My question is that if the Adem relations
$$
Sq^i Sq^j = \sum_{k=0}^{[i/2]} {j-k-1 \choose i-2k} Sq^{i+j-k} Sq^k
$$
are still valid when acting on cochains (or cocycles) without modding out the coboundaries?
(All the references that I can find state Adem relations up to the coboundaries.)
 A: I will make use of the surjection operad to produce an explicit example of a (functorial) cochain whose boundary is the Adem-Relation. Let us show that $Sq^1Sq^1([x])=0$ for a cohomology class $x$ in degree 1.
Thus we have on cochains
$$(x\cup x)\cup_1(x\cup x)=\langle 121\rangle (\langle 12\rangle(x^{\otimes 2}))=(\langle 13412\rangle +\langle 12342\rangle)(x^{\otimes 4}).$$
The boundary of $\langle 123412\rangle\in Hom ((C^*)^{\otimes 4},C^*)$ is 
$$\langle 23412 \rangle +\langle 13412 \rangle+\langle 12342 \rangle+\langle 12341 \rangle.$$
If we plug in the cycle $x^{\otimes 4}$, we can use that relabeling the numbers $1,..,4$ corresponds to swapping the indices and thus does not affect the result. Thus we have 
$$\langle 12341\rangle(x^{\otimes 4})=\langle 23412\rangle(x^{\otimes 4}).$$
So if we plug in $x^{\otimes 4}$, two summands cancel out and the boundary is just the Adem-relation on cochain level.

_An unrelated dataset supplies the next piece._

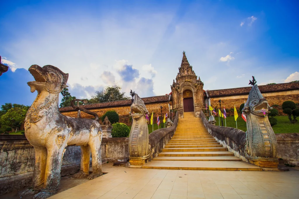 No coração da histórica cidade de Lampang, no norte da Tailândia, o Wat Phra That Lampang Luang se ergue majestosamente como um farol de fé e cultura. Fundado no século XIV, este templo budista dourado é um dos mais importantes e antigos de Lampang, conhecido por sua arquitetura impressionante, jardins serenos e atmosfera vibrante.

Now it remains to find a simplicial set $X$ and $1$-cocycle $c$ such that $\langle 123412\rangle(c^{\otimes 4})\neq 0$, i.e. there is a two simplex on which the cochain $\langle 123412\rangle(c^{\otimes 4})$ does not vanish. 
This happens for the $1$-cochain on the $2$-simplex $012$ given by
$c(01)=1,c(12)=1,c(02)=0$.
A: Theorem 3.1 in Peter May's "A General Algebraic Approach to Steenrod Operations" gives a better behaved definition for $Sq^k(x)$ for (co)chains $x$ which are not assumed to be cocycles.   It probably makes sense to think about these questions (Adem relations or Cartan formula on the cocycle level) using them rather than just the cup-(n-k) formula.    I find it highly implausible that either of these (Adem relations or Cartan formula) should hold 'on the nose', no matter what definition extending the usual one on (co)cycles one gives.